3 September 2013
South Africa will honour former president Nelson Mandela by unveiling a golden statue of him as the country marks the 100th anniversary of the Union Buildings in Pretoria in December.
Making the announcement at a business briefing in Johannesburg on Tuesday, Arts and Culture Minister Paul Mashatile said that work on the statue was at an advanced stage.
Mandela was discharged from hospital in Pretoria on Sunday morning in order to continue receiving treatment for a respiratory illness at his home in Houghton, Johannesburg.

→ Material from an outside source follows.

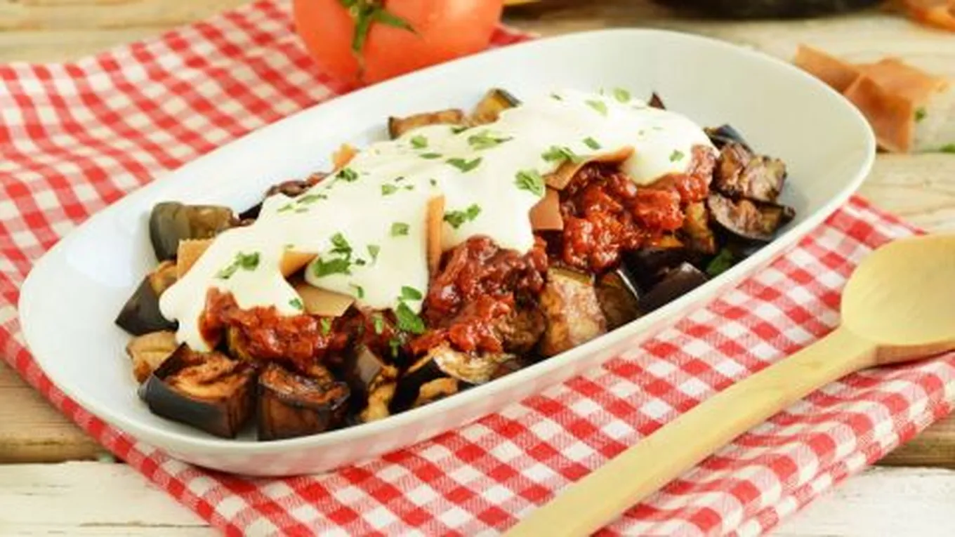 - نضع الخبز المقلي في طبق، ثم نضع الباذنجان فوقه، ثم نضيف باقي الصلصة.

The Presidency said that the 95-year-old former statesman’s condition “remains critical and is at times unstable”, but that his team of doctors were convinced that he would receive the same level of intensive care at his home that he had been receiving in hospital.
“We take this opportunity once again to wish Tata Madiba well as he recovers from home,” Mashatile said on Tuesday. “Even in sickness, Tata Madiba continues to unite our nation and remains an enjoining symbol of our freedom and democracy.”

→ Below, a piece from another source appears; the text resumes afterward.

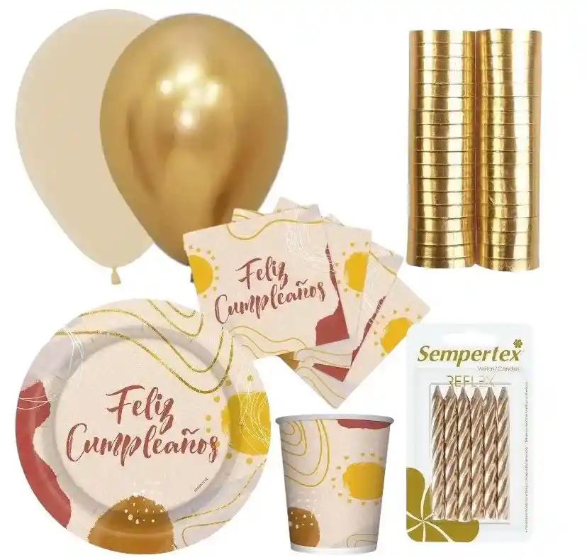El kit incluye: 10 globos fashion arena, 5 globos Reflex Cromado Dorado, 2 serpentina dorada, 8 platos, 8 vasos, 16 servilletas y 1 paquete de velas espiral dorada x 6 uds. Los globos se envian desinflados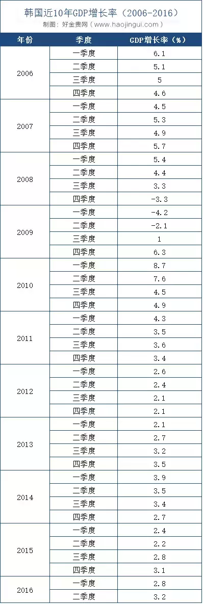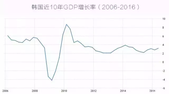 2006-2016年韩国GDP增长率

The imposing Union Buildings, part of the official seat of the South African government, are located at the northern end of Arcadia in Pretoria.
Designed by British architect Sir Herbert Baker in 1908, construction of the Union Buildings began in 1909 and was completed almost three years later, in 1913.
Approximately 1 265 artisans, workmen and labourers were involved in building the structure, using around 14-million bricks for the interior office walls, half-a-million cubic feet of freestone, 74 000 cubic yards of concrete, 40 000 bags of cement and 20 000 cubic feet of granite.
On 10 May 1994, Mandela, South Africa’s first democratically elected president, and his deputy presidents were inaugurated at the Union Buildings, after the country’s first free elections, heralding the beginning of a new era in South Africa’s history.